French Far-Right Leader Cancels US Speech After Bannon's Controversial Gesture

French Far-Right Leader Cancels US Speech After Bannon's Controversial Gesture
Grzegorz
Grzegorz5 months ago

French far-right leader Jordan Bardella decided to cancel his scheduled talk at the US Conservative Political Action Conference (CPAC) in National Harbor, Maryland, on Friday morning. This decision came after a controversial salute by Donald Trump’s former aide, Steve Bannon, reminiscent of a fascist gesture, which he displayed mere hours before. Bannon, known for his role in Trump’s 2016 president election victory and current status as a right-wing podcast host, concluded his CPAC speech on Thursday with an outstretched arm, fingers pointed, palm down – a gesture evocative of the Nazi salute. This act also recalled a similar gesture made by tech giant Elon Musk at the US president’s second inauguration in January.

Citing Bannon’s gesture as an allusion to “Nazi ideology,” Bardella, a member of France’s hard-right National Rally party, chose to withdraw from CPAC. The salute from Bannon during his speech was met with cheers from the audience at the event. Bardella, who was already in Washington and planned to address US-French relations, released a statement which read: “Yesterday, while I was not present in the room, one of the speakers provocatively made a gesture alluding to Nazi ideology. I, therefore, made the swift decision to cancel my afternoon speech.”

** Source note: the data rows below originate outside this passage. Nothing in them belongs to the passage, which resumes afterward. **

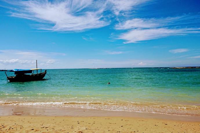 Com acesso apenas em veículos 4x4, quadriciclo ou barco, a Praia de Garapuá é emoldurada por coqueiros em uma pequena baía de águas cristalinas e mornas.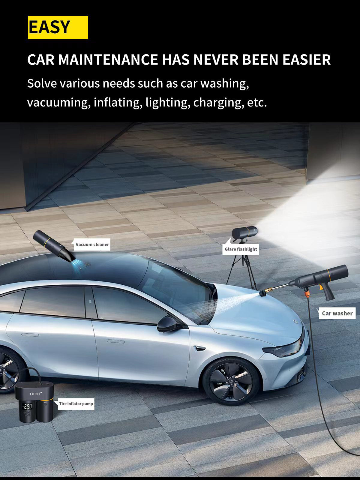 A power bank supports 5 other units: a Car Washer, a Flashlight, a Vacuum Cleaner, a Tire Inflator Pump, a Phone Stent Holder.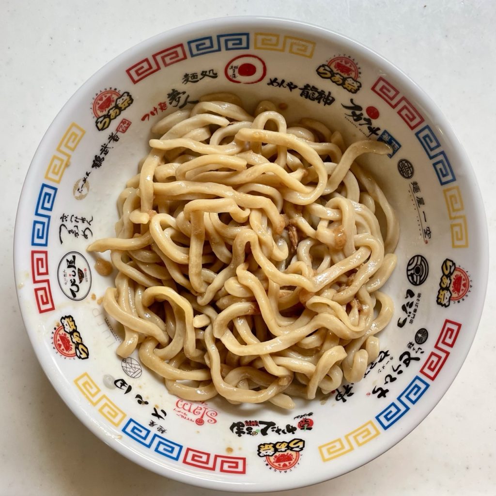 15分ぐらい茹でてもなお強いコシと弾力を保ってる!すんごい密度の高い麺なんだろうなぁ。

The National Rally party was outperformed during France’s snap election last summer by a left-leaning coalition. On Thursday evening, Bannon amped up the CPAC attendees with his talk, following Elon Musk, someone who has eclipsed him in Trump’s inner circle, and with whom Bannon shares a contentious relationship. “The only way they win is if we retreat; but we won’t retreat, surrender, or quit. We will fight, fight, fight,” he passionately declared, mirroring Trump’s motivational chants to his supporters post an assassination attempt.

Subsequently, Bannon extended his right arm at an angle with the palm facing down. While the more renowned Nazi salute, associated with Adolf Hitler, typically involves the arm pointing directly forward, Bannon and Musk’s gestures carried clear fascist undertones.

The Anti-Defamation League, which works against antisemitism, describes the Nazi salute as “raising an outstretched right arm with the palm down.” Some observers identified Bannon’s gesture, similar to Musk’s, as a “Roman salute,” though historians often argue this is simply a misleading distinction. Among some right-wing supporters, there’s a baseless claim that the Roman salute hails from ancient Roman times. However, historians have established that it was actually adopted in the 1920s by Italian Fascist leader Benito Mussolini and later by Hitler’s Nazi party in Germany.